This repository contains TogetherCrew's Temporal Python workflows for data processing and analysis. It leverages the Temporal workflow engine to orchestrate ETL processes and data summarization tasks.
- Website Ingestion: Extracts, transforms, and loads data from websites defined in the platform configuration.
- MediaWiki Ingestion: Processes content from MediaWiki instances, including extraction of pages, revisions, and content.
- Platform Summaries: Retrieves and processes summaries from Platform data stored in Qdrant, with options to fetch by date or date range.
- Real-Time Summaries: Generates new summaries for recent data across platforms or specific communities.

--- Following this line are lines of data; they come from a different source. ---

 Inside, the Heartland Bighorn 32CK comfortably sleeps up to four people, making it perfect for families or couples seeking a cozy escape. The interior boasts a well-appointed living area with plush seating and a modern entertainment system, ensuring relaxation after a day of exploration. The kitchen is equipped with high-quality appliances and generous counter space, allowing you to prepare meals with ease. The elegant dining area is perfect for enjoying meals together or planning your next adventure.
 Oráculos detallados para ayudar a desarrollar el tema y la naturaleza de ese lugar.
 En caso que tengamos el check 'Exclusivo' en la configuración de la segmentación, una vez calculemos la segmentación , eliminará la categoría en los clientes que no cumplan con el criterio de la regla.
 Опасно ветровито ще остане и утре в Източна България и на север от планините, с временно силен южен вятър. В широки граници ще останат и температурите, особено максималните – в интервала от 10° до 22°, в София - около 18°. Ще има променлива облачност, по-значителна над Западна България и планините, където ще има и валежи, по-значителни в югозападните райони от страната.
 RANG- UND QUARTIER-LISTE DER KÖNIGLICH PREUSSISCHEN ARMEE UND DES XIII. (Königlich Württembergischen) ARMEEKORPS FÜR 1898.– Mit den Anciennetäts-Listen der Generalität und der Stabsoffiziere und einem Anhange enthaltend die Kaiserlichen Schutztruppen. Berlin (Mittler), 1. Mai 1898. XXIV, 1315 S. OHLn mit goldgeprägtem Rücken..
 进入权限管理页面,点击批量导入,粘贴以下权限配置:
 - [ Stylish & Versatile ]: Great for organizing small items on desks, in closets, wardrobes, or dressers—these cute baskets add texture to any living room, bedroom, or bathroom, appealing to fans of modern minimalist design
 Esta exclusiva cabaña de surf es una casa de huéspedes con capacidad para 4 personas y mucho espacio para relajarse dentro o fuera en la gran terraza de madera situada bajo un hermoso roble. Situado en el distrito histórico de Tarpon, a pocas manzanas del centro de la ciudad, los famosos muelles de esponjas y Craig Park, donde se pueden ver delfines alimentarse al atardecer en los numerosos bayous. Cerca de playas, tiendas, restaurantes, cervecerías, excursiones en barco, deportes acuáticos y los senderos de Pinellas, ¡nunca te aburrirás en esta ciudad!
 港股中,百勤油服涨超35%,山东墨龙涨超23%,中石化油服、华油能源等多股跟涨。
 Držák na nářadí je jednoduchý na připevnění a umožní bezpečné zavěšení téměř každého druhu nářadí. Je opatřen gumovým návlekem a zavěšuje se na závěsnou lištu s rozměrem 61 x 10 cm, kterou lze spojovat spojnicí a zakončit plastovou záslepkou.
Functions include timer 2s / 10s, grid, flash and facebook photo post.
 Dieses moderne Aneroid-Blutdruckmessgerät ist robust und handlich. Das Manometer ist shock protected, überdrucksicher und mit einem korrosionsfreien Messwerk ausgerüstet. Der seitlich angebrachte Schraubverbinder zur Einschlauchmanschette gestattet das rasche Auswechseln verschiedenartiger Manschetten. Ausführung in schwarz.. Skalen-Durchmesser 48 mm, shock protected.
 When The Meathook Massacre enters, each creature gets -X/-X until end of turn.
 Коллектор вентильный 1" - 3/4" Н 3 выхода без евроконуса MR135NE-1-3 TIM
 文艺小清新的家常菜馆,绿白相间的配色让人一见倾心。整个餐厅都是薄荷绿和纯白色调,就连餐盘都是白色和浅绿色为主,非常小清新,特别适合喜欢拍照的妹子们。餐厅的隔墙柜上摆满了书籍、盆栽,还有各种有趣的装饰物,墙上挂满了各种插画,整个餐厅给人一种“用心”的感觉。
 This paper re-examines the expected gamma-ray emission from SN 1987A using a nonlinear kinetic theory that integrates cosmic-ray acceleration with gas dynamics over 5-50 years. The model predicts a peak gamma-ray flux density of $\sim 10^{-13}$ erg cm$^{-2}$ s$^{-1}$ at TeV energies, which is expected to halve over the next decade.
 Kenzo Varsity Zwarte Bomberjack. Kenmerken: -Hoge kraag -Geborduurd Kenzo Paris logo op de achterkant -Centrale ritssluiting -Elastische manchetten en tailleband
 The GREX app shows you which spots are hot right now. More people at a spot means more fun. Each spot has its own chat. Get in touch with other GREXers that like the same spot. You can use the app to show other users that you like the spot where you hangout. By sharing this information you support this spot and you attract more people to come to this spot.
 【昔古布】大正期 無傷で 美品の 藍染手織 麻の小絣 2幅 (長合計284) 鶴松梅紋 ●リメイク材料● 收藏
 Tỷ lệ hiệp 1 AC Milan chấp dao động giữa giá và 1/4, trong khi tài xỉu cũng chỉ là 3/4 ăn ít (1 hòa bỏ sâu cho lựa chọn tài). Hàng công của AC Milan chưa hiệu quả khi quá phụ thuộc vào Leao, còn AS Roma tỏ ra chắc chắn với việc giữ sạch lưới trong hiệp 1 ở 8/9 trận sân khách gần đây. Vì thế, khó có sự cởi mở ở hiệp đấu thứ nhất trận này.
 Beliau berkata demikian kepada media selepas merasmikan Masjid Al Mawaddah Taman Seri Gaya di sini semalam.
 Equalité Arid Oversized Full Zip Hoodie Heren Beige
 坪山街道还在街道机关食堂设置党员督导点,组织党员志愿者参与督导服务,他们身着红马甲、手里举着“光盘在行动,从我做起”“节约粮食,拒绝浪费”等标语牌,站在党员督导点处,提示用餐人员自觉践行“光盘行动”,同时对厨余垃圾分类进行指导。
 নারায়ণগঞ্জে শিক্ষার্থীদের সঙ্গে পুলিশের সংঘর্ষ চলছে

The project uses Temporal for workflow orchestration with the following components:
- Temporal Server: Manages workflow execution and task queues
- MongoDB: Stores platform and community configuration
- Qdrant: Vector database for storing and retrieving summary content
- Redis: Caching and state management
- PostgreSQL: Used by Temporal for workflow history and state
-
Configure Environment Variables
- Copy the example environment file:
cp .env.example .env
Update the
.env
file with your own values, referencing the services defined indocker-compose.dev.yml
.Required variables:
TEMPORAL_TASK_QUEUE
: Queue name for the worker- Database connection parameters for MongoDB, Qdrant, etc.
-
Start Services
- Use the following command to set up and run the required services:
docker compose -f docker-compose.dev.yml up -d
-
Open localhost:8080 to access the Temporal dashboard.
To fetch existing summaries for a specific community and date range from Qdrant:
from temporalio.client import Client
from hivemind_summarizer.workflows import PlatformSummariesWorkflow
from hivemind_summarizer.schema import PlatformFetchSummariesWorkflowInput
async def run_platform_summaries_workflow():
client = await Client.connect("localhost:7233")
# Create workflow input
input_data = PlatformFetchSummariesWorkflowInput(
platform_id="your_platform_id", # Required: the platform to fetch summaries from
community_id="your_community_id", # Required: the community to fetch summaries from
start_date="2023-05-01", # Optional: fetch summaries from this date
end_date="2023-05-07", # Optional: fetch summaries until this date
extract_text_only=True # Optional: whether to extract only text content
)
# Execute workflow
result = await client.execute_workflow(
PlatformSummariesWorkflow.run,
input_data,
id="platform-summaries-workflow",
task_queue="your_task_queue"
)
# Returns a list of existing summaries from Qdrant
return result
Note: This workflow only retrieves existing summaries that have already been generated and stored in Qdrant. It does not generate new summaries. Use this when you want to access previously generated summaries for a specific platform and community.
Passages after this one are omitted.